§ Assignment: Each line below from the line with "MEDAN, WAKTUINDONESIA –" to the line with "- Фурнитура в" must be copied exactly, including those two, and no picture may appear in the copy.

§ Extracted entries:
——————————
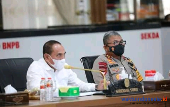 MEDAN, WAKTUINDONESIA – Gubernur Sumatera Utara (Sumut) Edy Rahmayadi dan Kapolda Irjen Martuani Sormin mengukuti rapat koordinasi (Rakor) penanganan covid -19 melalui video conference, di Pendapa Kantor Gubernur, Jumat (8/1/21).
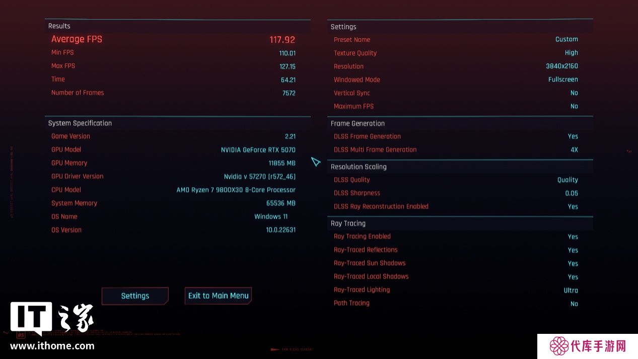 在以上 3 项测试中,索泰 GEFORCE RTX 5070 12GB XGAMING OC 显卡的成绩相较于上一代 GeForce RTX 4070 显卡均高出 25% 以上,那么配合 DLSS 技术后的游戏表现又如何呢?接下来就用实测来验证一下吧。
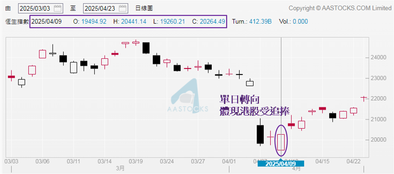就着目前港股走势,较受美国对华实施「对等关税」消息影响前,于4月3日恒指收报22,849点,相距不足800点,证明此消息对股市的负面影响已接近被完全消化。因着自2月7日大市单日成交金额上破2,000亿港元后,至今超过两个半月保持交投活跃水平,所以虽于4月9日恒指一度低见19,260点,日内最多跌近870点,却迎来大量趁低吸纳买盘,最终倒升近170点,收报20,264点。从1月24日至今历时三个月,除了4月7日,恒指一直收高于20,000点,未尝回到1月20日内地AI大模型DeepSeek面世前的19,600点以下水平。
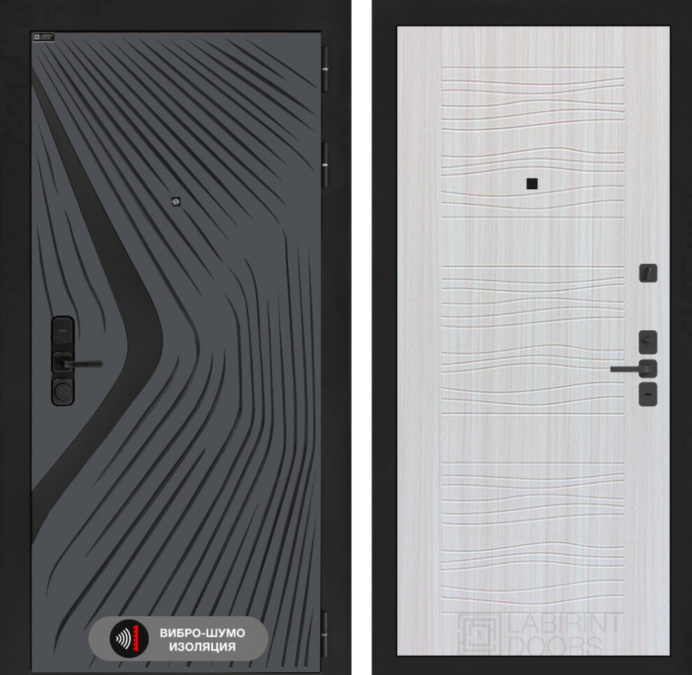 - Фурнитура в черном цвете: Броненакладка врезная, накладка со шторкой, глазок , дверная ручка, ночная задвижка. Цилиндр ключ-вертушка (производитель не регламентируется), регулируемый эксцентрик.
——————————
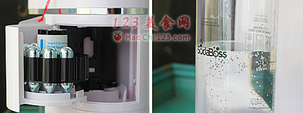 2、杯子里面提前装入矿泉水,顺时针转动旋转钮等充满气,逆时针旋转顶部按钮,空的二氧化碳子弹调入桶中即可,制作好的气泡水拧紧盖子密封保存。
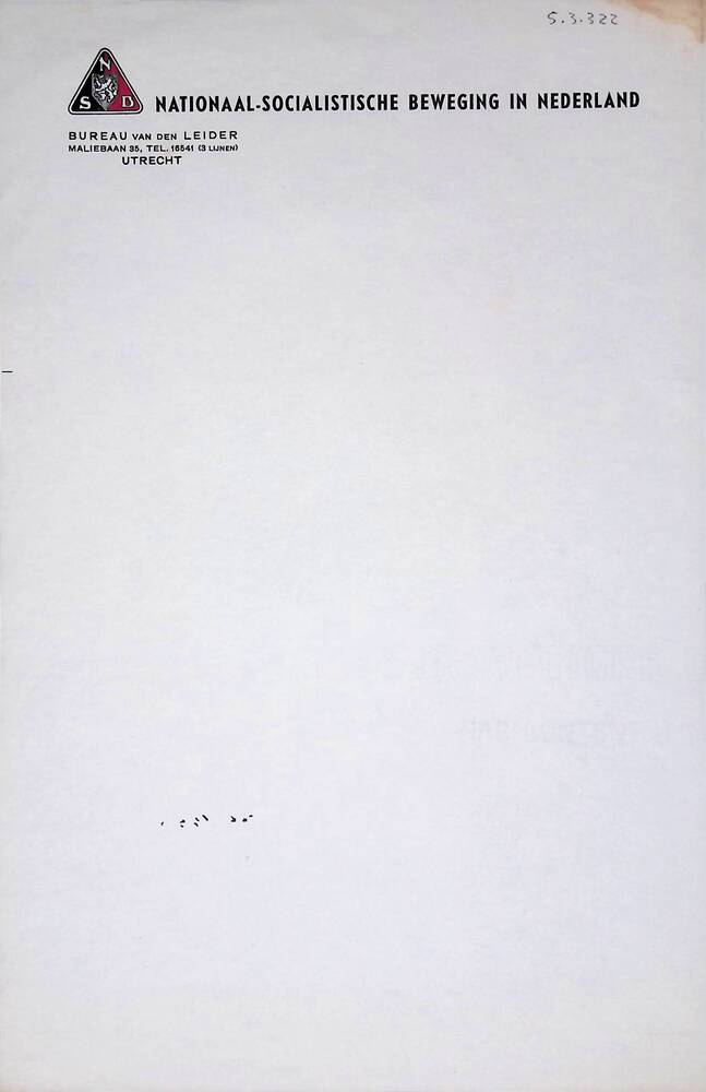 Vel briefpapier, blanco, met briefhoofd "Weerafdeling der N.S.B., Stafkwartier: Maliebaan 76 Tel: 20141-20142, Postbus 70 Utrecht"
——————————
§ Solution:
 MEDAN, WAKTUINDONESIA – Gubernur Sumatera Utara (Sumut) Edy Rahmayadi dan Kapolda Irjen Martuani Sormin mengukuti rapat koordinasi (Rakor) penanganan covid -19 melalui video conference, di Pendapa Kantor Gubernur, Jumat (8/1/21).
 在以上 3 项测试中,索泰 GEFORCE RTX 5070 12GB XGAMING OC 显卡的成绩相较于上一代 GeForce RTX 4070 显卡均高出 25% 以上,那么配合 DLSS 技术后的游戏表现又如何呢?接下来就用实测来验证一下吧。
就着目前港股走势,较受美国对华实施「对等关税」消息影响前,于4月3日恒指收报22,849点,相距不足800点,证明此消息对股市的负面影响已接近被完全消化。因着自2月7日大市单日成交金额上破2,000亿港元后,至今超过两个半月保持交投活跃水平,所以虽于4月9日恒指一度低见19,260点,日内最多跌近870点,却迎来大量趁低吸纳买盘,最终倒升近170点,收报20,264点。从1月24日至今历时三个月,除了4月7日,恒指一直收高于20,000点,未尝回到1月20日内地AI大模型DeepSeek面世前的19,600点以下水平。
 - Фурнитура в черном цвете: Броненакладка врезная, накладка со шторкой, глазок , дверная ручка, ночная задвижка. Цилиндр ключ-вертушка (производитель не регламентируется), регулируемый эксцентрик.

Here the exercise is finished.